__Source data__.
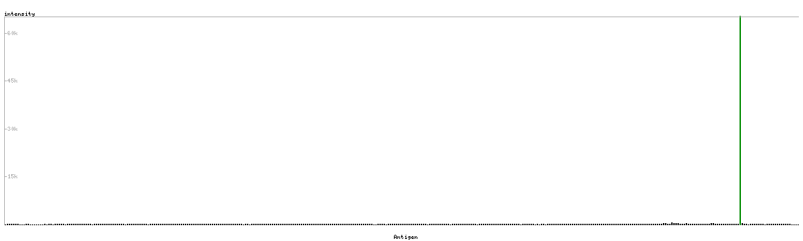At the top of the view, the position of the antigen (identified by the corresponding HPA identifier) is shown as a green bar. A yellow triangle on the bar indicates a <100% sequence identity to the protein target.
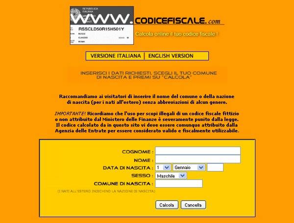 Esistono diversi siti internet che permettono di calcolare online il codice fiscale.
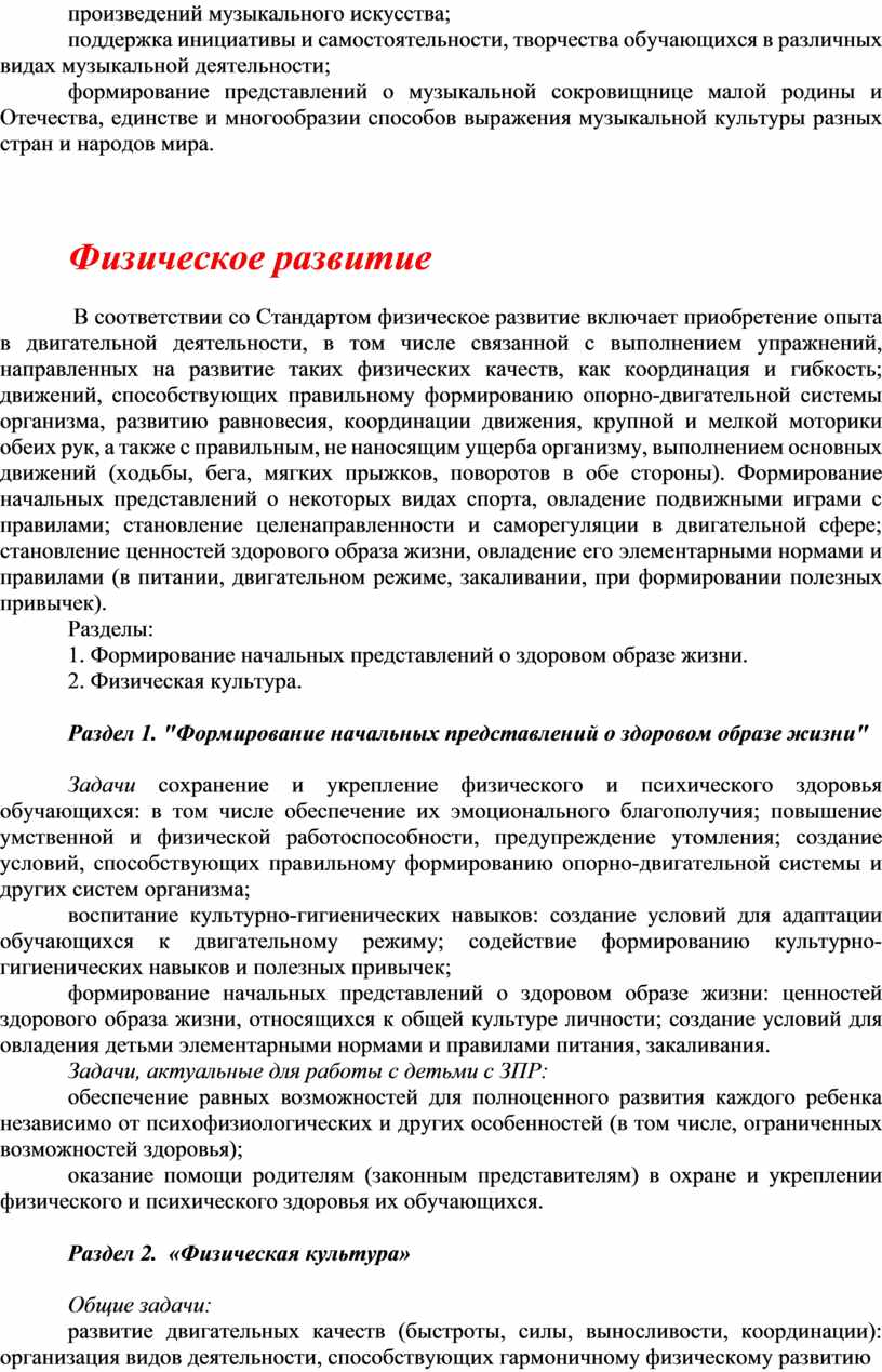 В соответствии со Стандартом физическое развитие включает приобретение опыта в двигательной деятельности, в том числе связанной с выполнением упражнений, направленных на развитие таких физических качеств, как координация и гибкость; движений, способствующих правильному формированию опорно-двигательной системы организма, развитию равновесия, координации движения, крупной и мелкой моторики обеих рук, а также с правильным, не наносящим ущерба организму, выполнением основных движений (ходьбы, бега, мягких прыжков, поворотов в обе стороны). Формирование начальных представлений о некоторых видах спорта, овладение подвижными играми с правилами; становление целенаправленности и саморегуляции в двигательной сфере; становление ценностей здорового образа жизни, овладение его элементарными нормами и правилами (в питании, двигательном режиме, закаливании, при формировании полезных привычек).
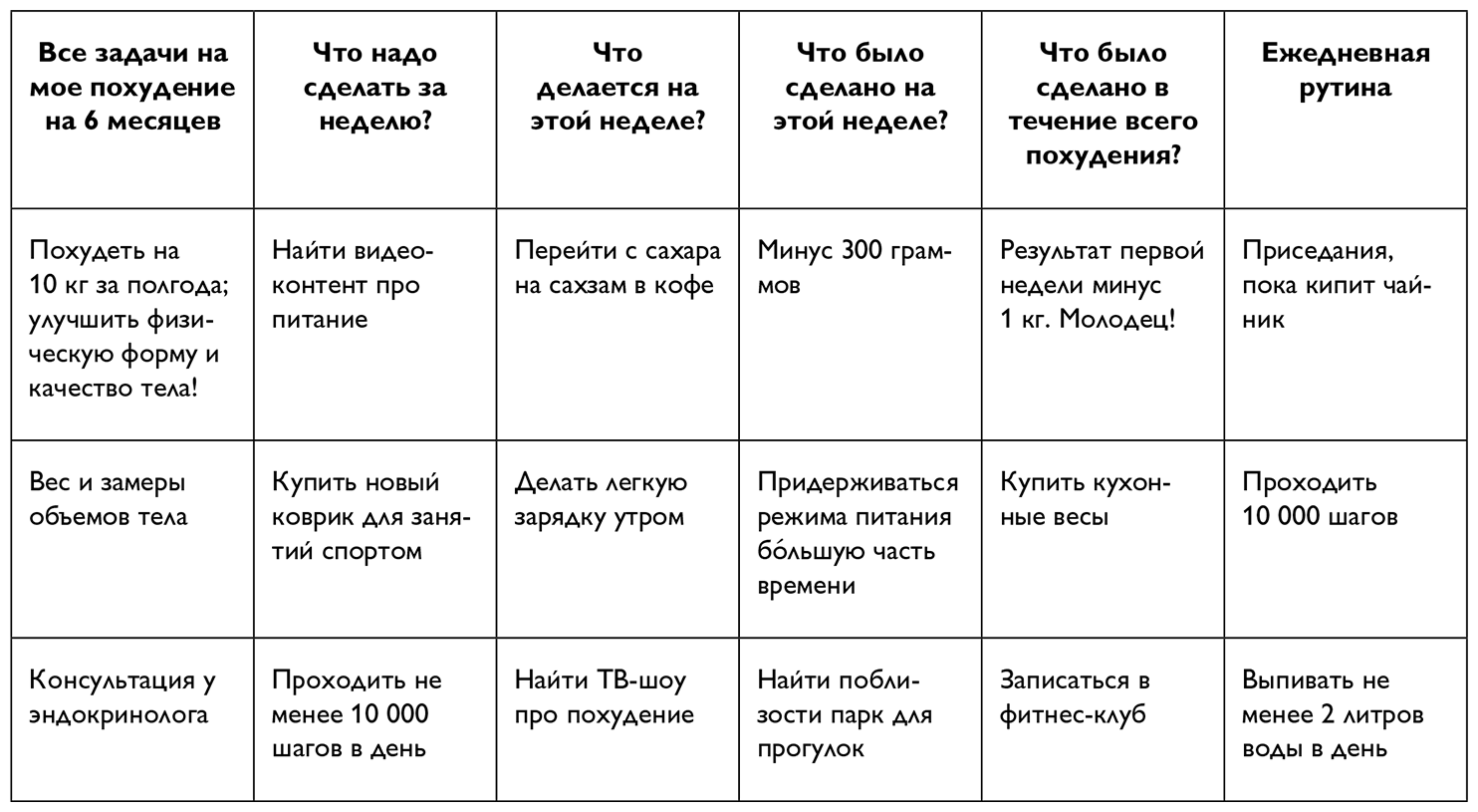 Это общий список заданий, пожеланий, решений и идей, помогающих вам худеть. Например, пройти обследование у эндокринолога, изучить систему правильного питания, просчитать идеальную массу тела и суточный обмен веществ, ежедневно просматривать одно видео на тему похудения и слушать подкасты о правильном питании по дороге на работу, начать бегать на школьном дворе, качать пресс и делать легкую зарядку вечером перед телевизором, выпивать достаточное количество жидкости в день, нормализовать сон, начать пить поливитамины, записаться в бассейн, купить коврик и гантели для занятий спортом, отказаться от сахара в кофе, купить сахарозаменитель и т. д.
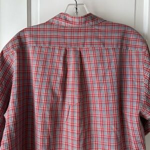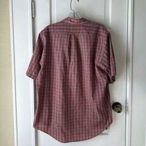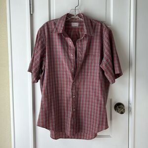 Classic button up short sleeve by Hathaway. Red, white, blue plaid pattern. Features include a neck collar with buttons that goes up all the way up and down to the hem. One front patch pocket for any essentials. Can be dressed up as causal or layering altogether. Perfect for spring/summer outings.
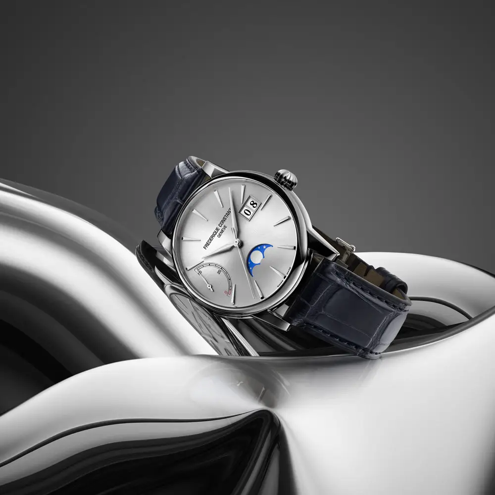 Frederique Constant FC-735S3H6 — это исключительные механические часы, сочетающие классическую элегантность с усложнениями, которые оценит каждый знаток швейцарского часового искусства. Стальной корпус 40 мм обрамляет серебристый циферблат с большой датой, индикатором запаса хода и фазой Луны – всё в изящно сбалансированном и вечном дизайне.
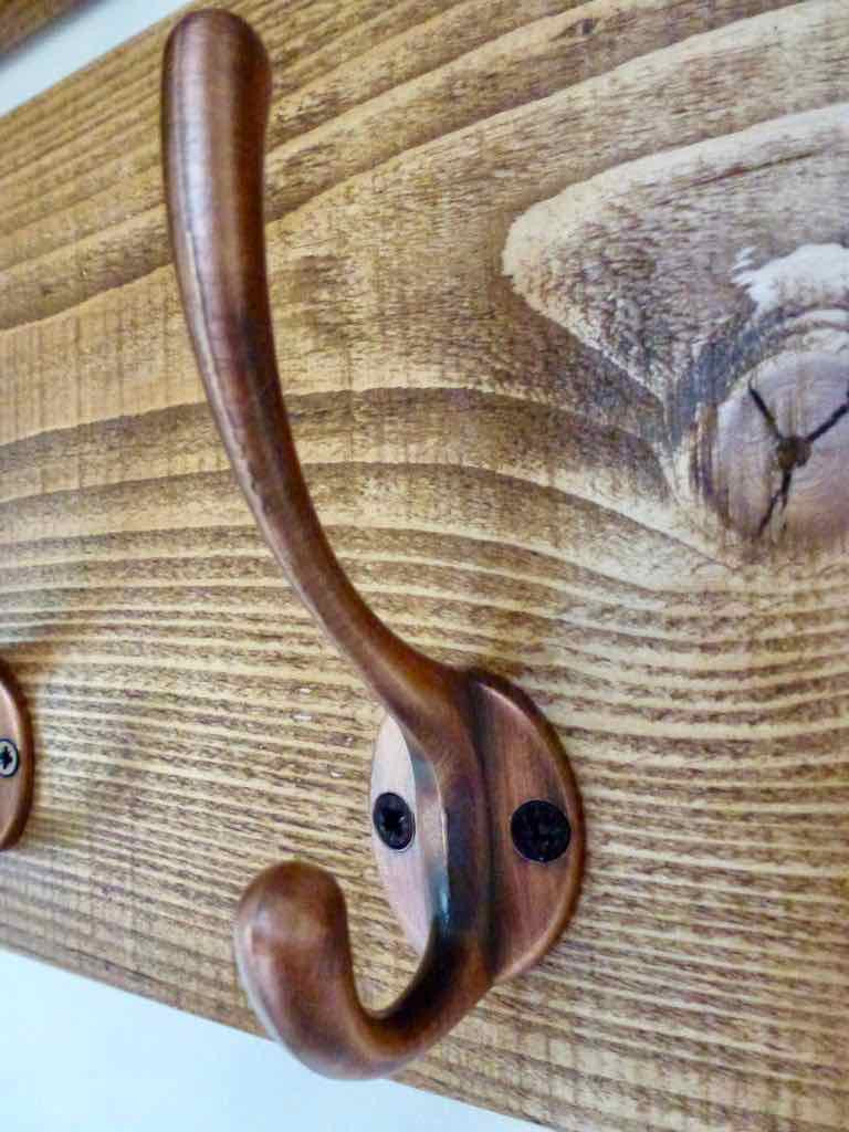 Handmade rustic solid wood coat rack complete with a handy shelf and five copper effect cast iron hooks.
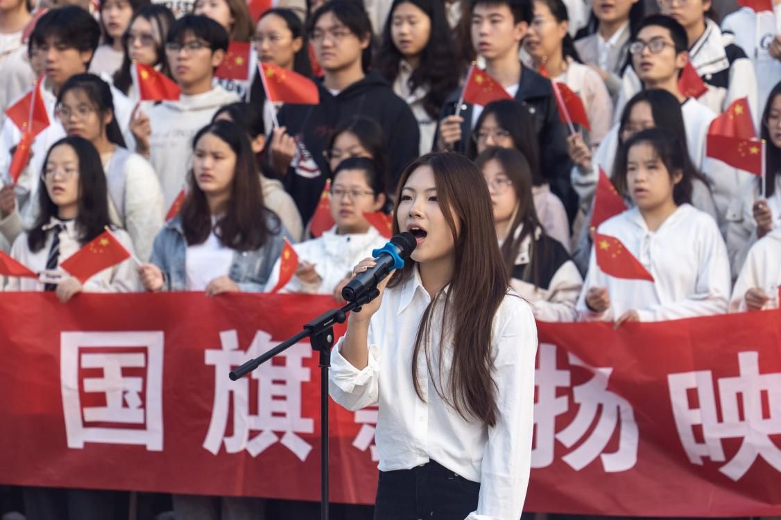 信念扬帆赴前程。全体师生齐声合唱《我爱你中国》。“我爱你中国 亲爱的母亲 我为你流泪 也为你自豪”的旋律响彻云霄,师生们用真挚的歌声向祖国母亲倾诉着最热烈的爱意,彰显了中南大人矢志不渝的爱国信念。
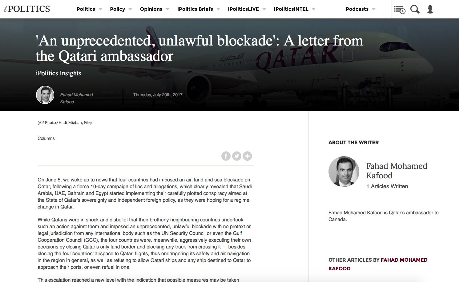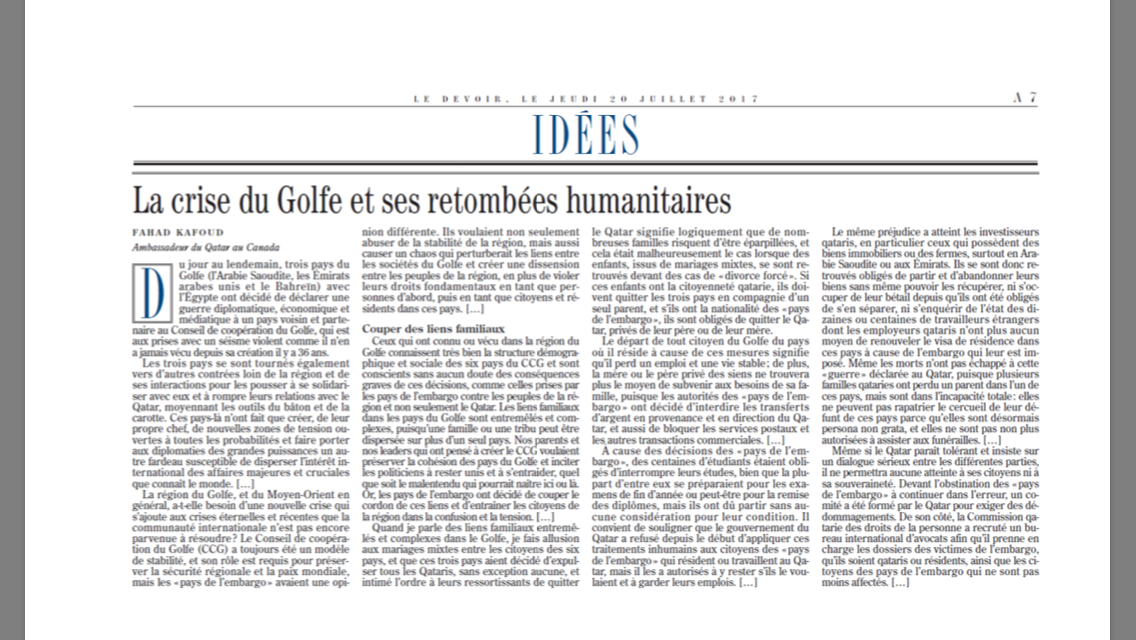 On June 5, we woke up to news that four countries had imposed an air, land and sea blockade on Qatar, following a fierce 10-day campaign of lies and allegations, which clearly revealed that Saudi Arabia, UAE, Bahrain and Egypt started implementing their carefully plotted conspiracy aimed at the State of Qatar’s sovereignty and independent foreign policy, as they were hoping for a regime change in Qatar.
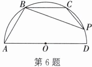 6. (2024·海南)如图,AD是半圆O的直径,点B、C在半圆上,且$\overset{\frown}{AB}=\overset{\frown}{BC}=\overset{\frown}{CD}$,点P在$\overset{\frown}{CD}$上.若$∠PCB=130^{\circ}$,则$∠PBA$的度数为 ()
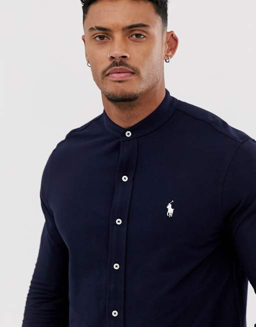 Polo Ralph Lauren player logo grandad collar pique shirt slim fit in navy Very well made.
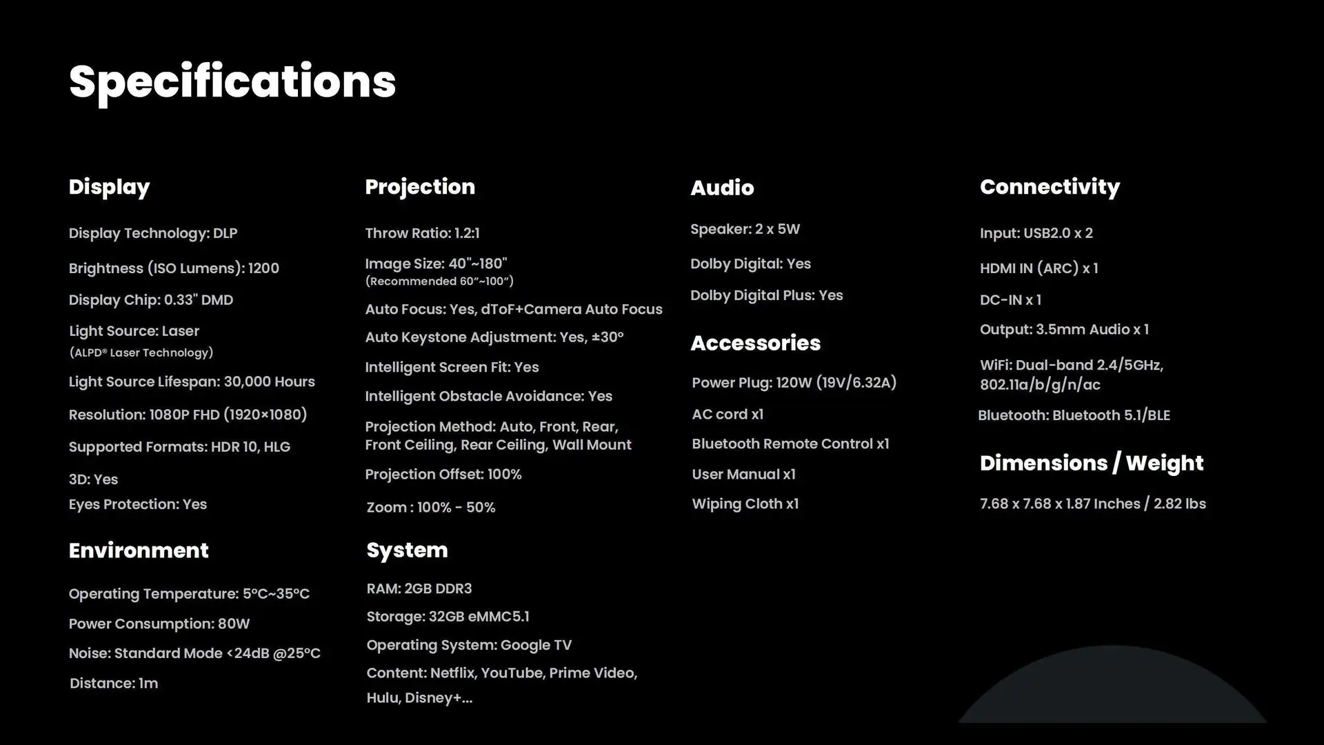 40″~180″ (Recommended 60”~100”)
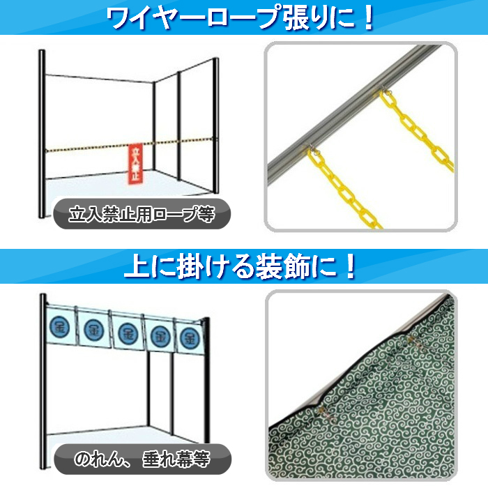クリップを支柱に付け、ロープやチェーンをつければブース内の空間装飾に、また侵入禁止の幕を支柱に止めることも簡単にできます。

__Exercise details__. Transcribe the entries above word for word, but leave every picture out of your copy.

__Answer space__.
At the top of the view, the position of the antigen (identified by the corresponding HPA identifier) is shown as a green bar. A yellow triangle on the bar indicates a <100% sequence identity to the protein target.
 Esistono diversi siti internet che permettono di calcolare online il codice fiscale.
 В соответствии со Стандартом физическое развитие включает приобретение опыта в двигательной деятельности, в том числе связанной с выполнением упражнений, направленных на развитие таких физических качеств, как координация и гибкость; движений, способствующих правильному формированию опорно-двигательной системы организма, развитию равновесия, координации движения, крупной и мелкой моторики обеих рук, а также с правильным, не наносящим ущерба организму, выполнением основных движений (ходьбы, бега, мягких прыжков, поворотов в обе стороны). Формирование начальных представлений о некоторых видах спорта, овладение подвижными играми с правилами; становление целенаправленности и саморегуляции в двигательной сфере; становление ценностей здорового образа жизни, овладение его элементарными нормами и правилами (в питании, двигательном режиме, закаливании, при формировании полезных привычек).
 Это общий список заданий, пожеланий, решений и идей, помогающих вам худеть. Например, пройти обследование у эндокринолога, изучить систему правильного питания, просчитать идеальную массу тела и суточный обмен веществ, ежедневно просматривать одно видео на тему похудения и слушать подкасты о правильном питании по дороге на работу, начать бегать на школьном дворе, качать пресс и делать легкую зарядку вечером перед телевизором, выпивать достаточное количество жидкости в день, нормализовать сон, начать пить поливитамины, записаться в бассейн, купить коврик и гантели для занятий спортом, отказаться от сахара в кофе, купить сахарозаменитель и т. д.
 Classic button up short sleeve by Hathaway. Red, white, blue plaid pattern. Features include a neck collar with buttons that goes up all the way up and down to the hem. One front patch pocket for any essentials. Can be dressed up as causal or layering altogether. Perfect for spring/summer outings.
 Frederique Constant FC-735S3H6 — это исключительные механические часы, сочетающие классическую элегантность с усложнениями, которые оценит каждый знаток швейцарского часового искусства. Стальной корпус 40 мм обрамляет серебристый циферблат с большой датой, индикатором запаса хода и фазой Луны – всё в изящно сбалансированном и вечном дизайне.
 Handmade rustic solid wood coat rack complete with a handy shelf and five copper effect cast iron hooks.
 信念扬帆赴前程。全体师生齐声合唱《我爱你中国》。“我爱你中国 亲爱的母亲 我为你流泪 也为你自豪”的旋律响彻云霄,师生们用真挚的歌声向祖国母亲倾诉着最热烈的爱意,彰显了中南大人矢志不渝的爱国信念。
 On June 5, we woke up to news that four countries had imposed an air, land and sea blockade on Qatar, following a fierce 10-day campaign of lies and allegations, which clearly revealed that Saudi Arabia, UAE, Bahrain and Egypt started implementing their carefully plotted conspiracy aimed at the State of Qatar’s sovereignty and independent foreign policy, as they were hoping for a regime change in Qatar.
 6. (2024·海南)如图,AD是半圆O的直径,点B、C在半圆上,且$\overset{\frown}{AB}=\overset{\frown}{BC}=\overset{\frown}{CD}$,点P在$\overset{\frown}{CD}$上.若$∠PCB=130^{\circ}$,则$∠PBA$的度数为 ()
 Polo Ralph Lauren player logo grandad collar pique shirt slim fit in navy Very well made.
 40″~180″ (Recommended 60”~100”)
クリップを支柱に付け、ロープやチェーンをつければブース内の空間装飾に、また侵入禁止の幕を支柱に止めることも簡単にできます。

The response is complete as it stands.